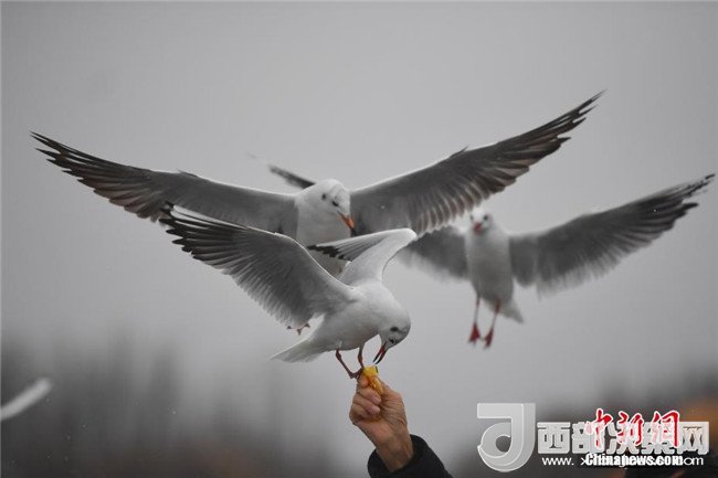 1月3日,一只紅嘴鷗站在游客手上吃食。(記者 劉冉陽 攝)
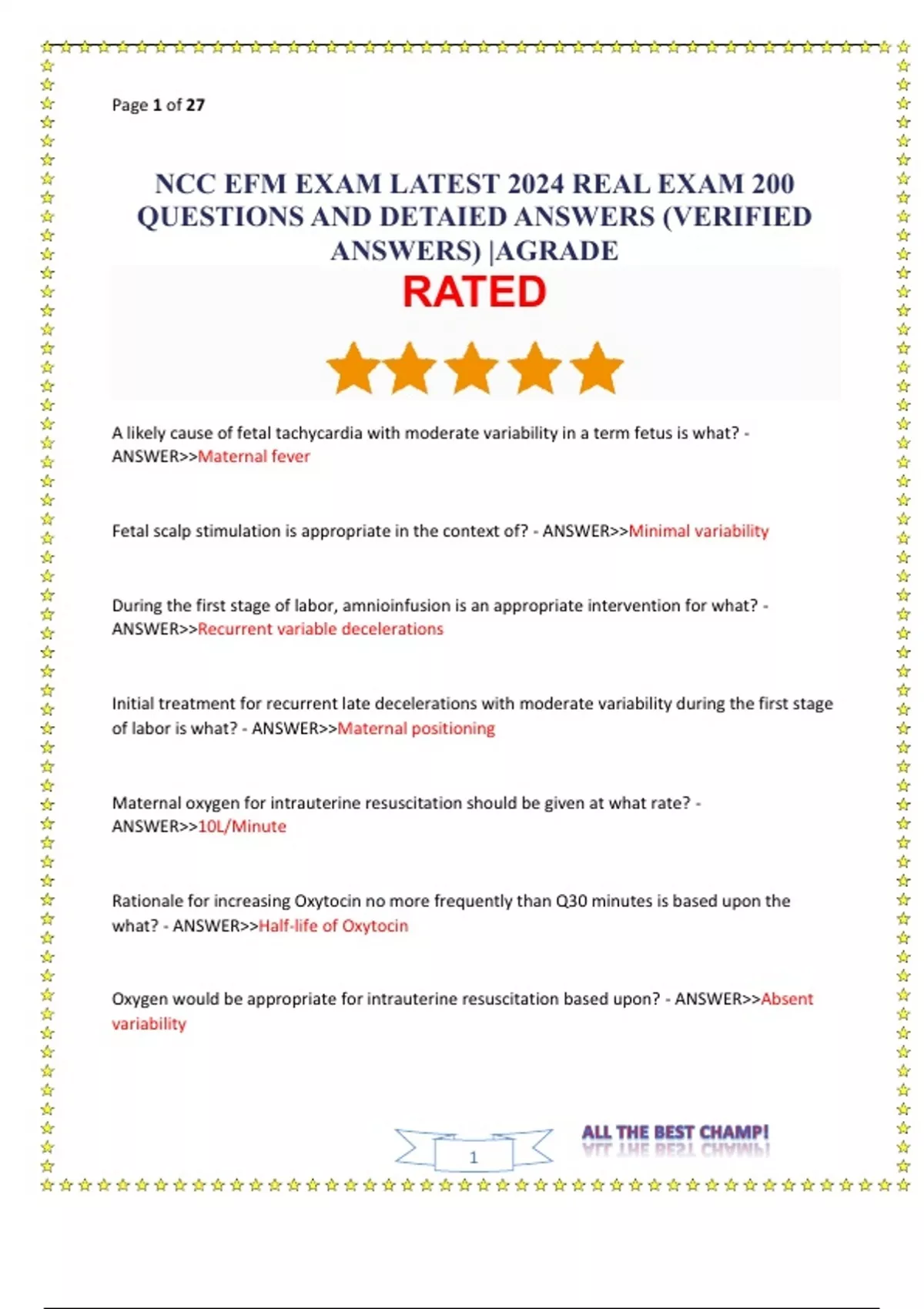 NCC EFM EXAM LATEST 2024 REAL EXAM 200 QUESTIONS AND DETAIED ANSWERS (VERIFIED ANSWERS) AGRADE
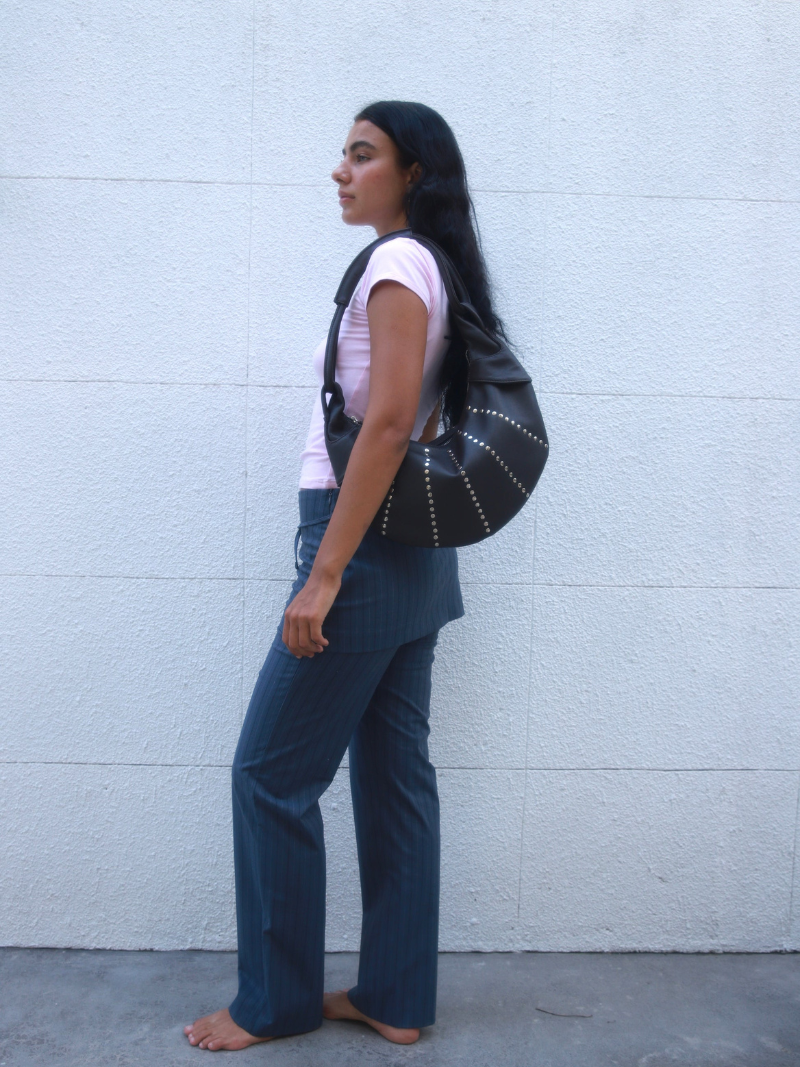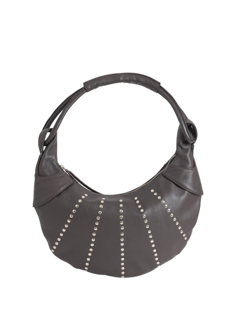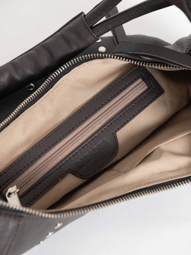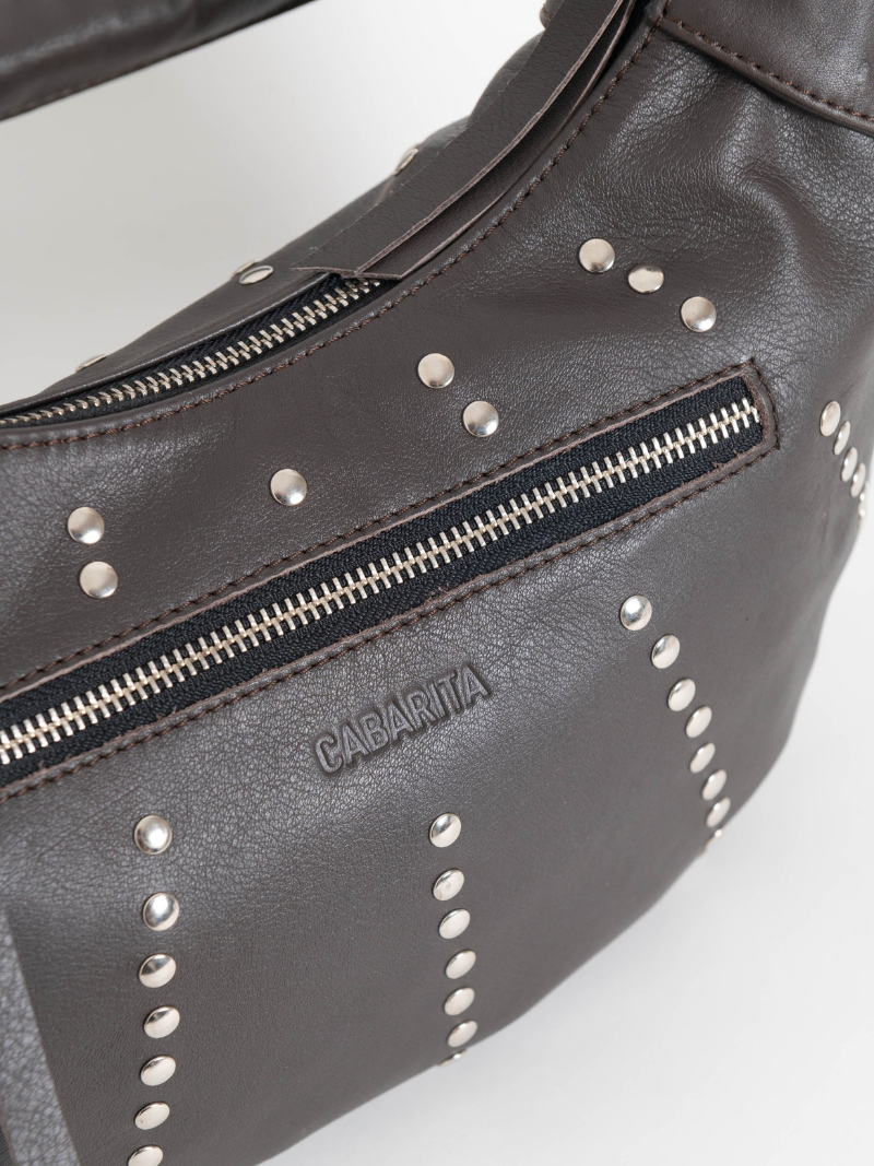 Bolso de hombro de piel marrón con detalles de tachuelas plateadas en la parte frontal y trasera. Su interior, forrado en un tejido resistente y lavable, está pensado para acompañarte en el día a día.
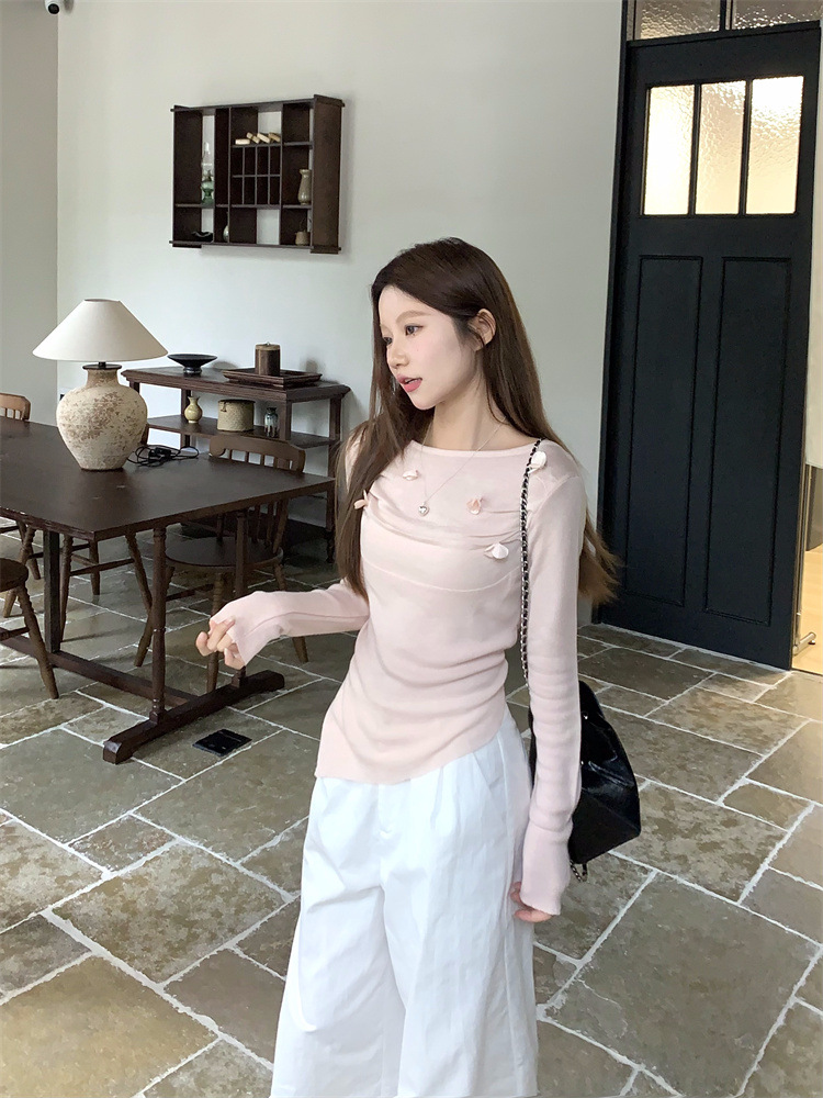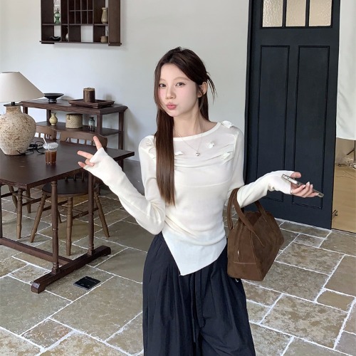 3 차원 장미 꽃 주름 최고 여성의 가을과 겨울 디자인 센스 프랑스 틈새 서양식 세련된 아름다운 스웨터스토어 가기
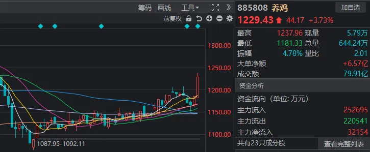 正如标题所说,养鸡板块(养殖业)日内大幅上涨,年内表现正好由跌转涨。
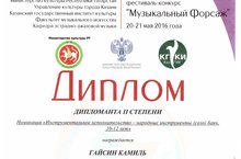 20-21 мая 2016г. состоялся международный детско-юношеский фестиваль-конкурс «МУЗЫКАЛЬНЫЙ ФОРСАЖ» на базе Казанского государственного института культуры. Гайсин Камиль (пр.Марина Т.А.) - Дипломант 2 степени, Стальмахова Анна(пр.Марина Т.А.) - Лауреат 3 степени. Поздравляем!!!
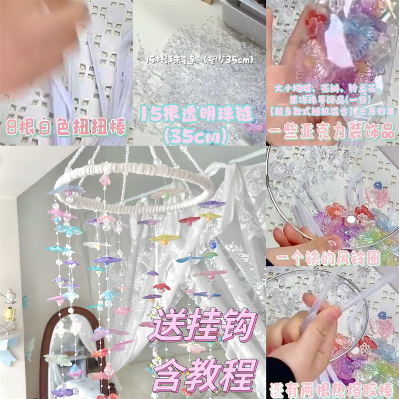 에 나비 바람 차임 완제품 꿈 포수 DIY 소재 패키지 꿈 소녀 침실 기숙사 작은 빨간 책 infp 여자 친구스토어 가기
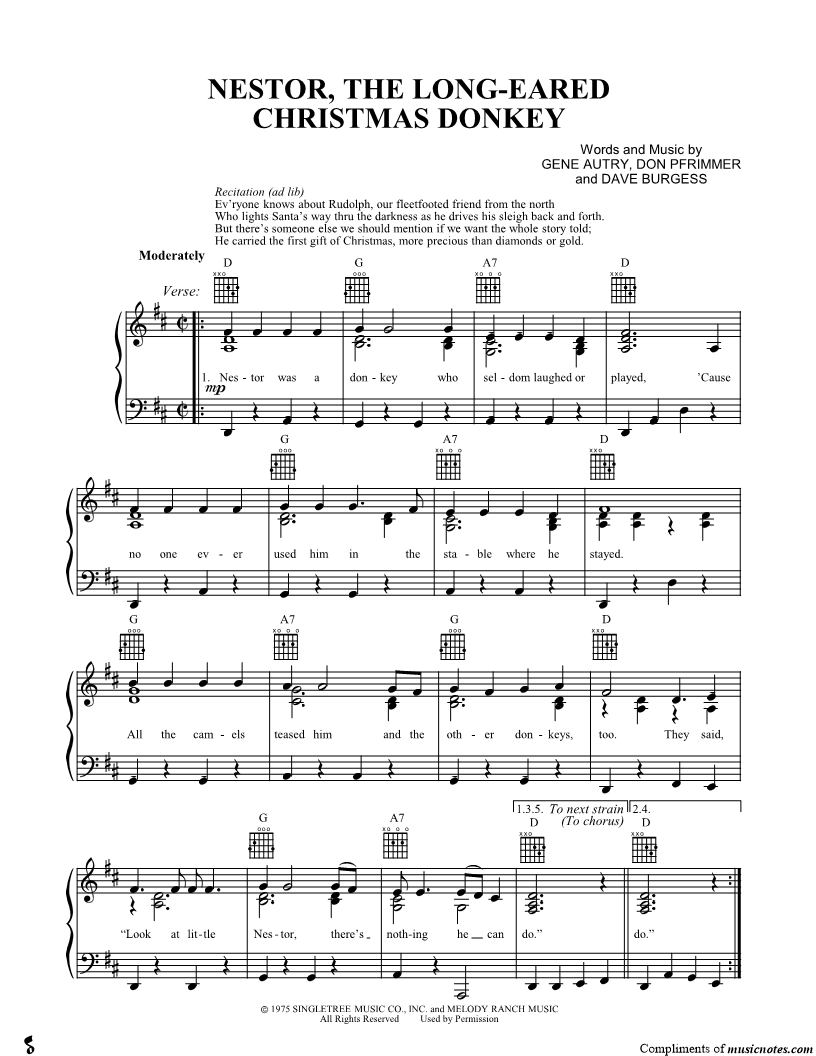 Nestor was a donkey who seldom laughed or played, 'Cause no one ever used him in the stable where he stayed. |
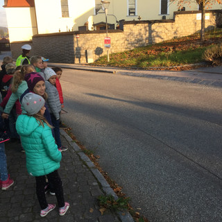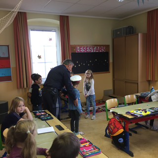Die Schülerinnen und Schüler der 1. und 2. Klasse lernten das richtige Überqueren der Straße und durften in der Klasse in die Rolle eines Polizisten schlüpfen.
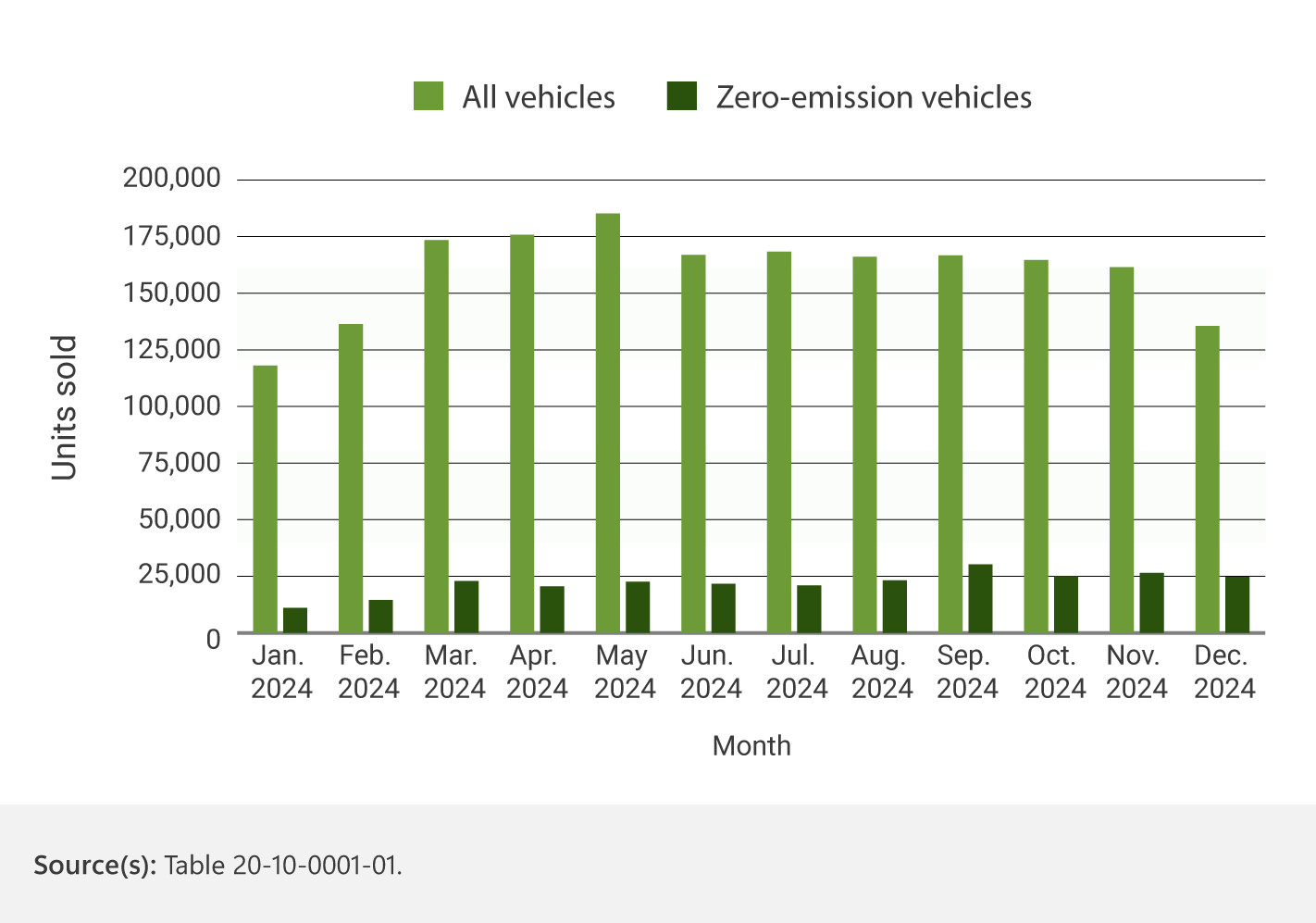 In 2024, approximately one in seven new vehicles sold in Canada (13.8 percent) was a zero-emission vehicle (ZEV), according to Statistics Canada. More than 264,000 ZEVs were purchased that year, valued at $17.3 billion. Sales were noticeably stronger in the second half of the year, peaking in September with 30,318 cars sold as new models entered the market.

= = = = =

- _Directions for this task_:
Above is the material; set down exactly its lines from the one containing "3 차원 장미 꽃 주름" down to the one containing "에 나비 바람 차임 완제품", both included, leaving out any pictures.

- _Output for this exercise_:
 3 차원 장미 꽃 주름 최고 여성의 가을과 겨울 디자인 센스 프랑스 틈새 서양식 세련된 아름다운 스웨터스토어 가기
 正如标题所说,养鸡板块(养殖业)日内大幅上涨,年内表现正好由跌转涨。
 20-21 мая 2016г. состоялся международный детско-юношеский фестиваль-конкурс «МУЗЫКАЛЬНЫЙ ФОРСАЖ» на базе Казанского государственного института культуры. Гайсин Камиль (пр.Марина Т.А.) - Дипломант 2 степени, Стальмахова Анна(пр.Марина Т.А.) - Лауреат 3 степени. Поздравляем!!!
 에 나비 바람 차임 완제품 꿈 포수 DIY 소재 패키지 꿈 소녀 침실 기숙사 작은 빨간 책 infp 여자 친구스토어 가기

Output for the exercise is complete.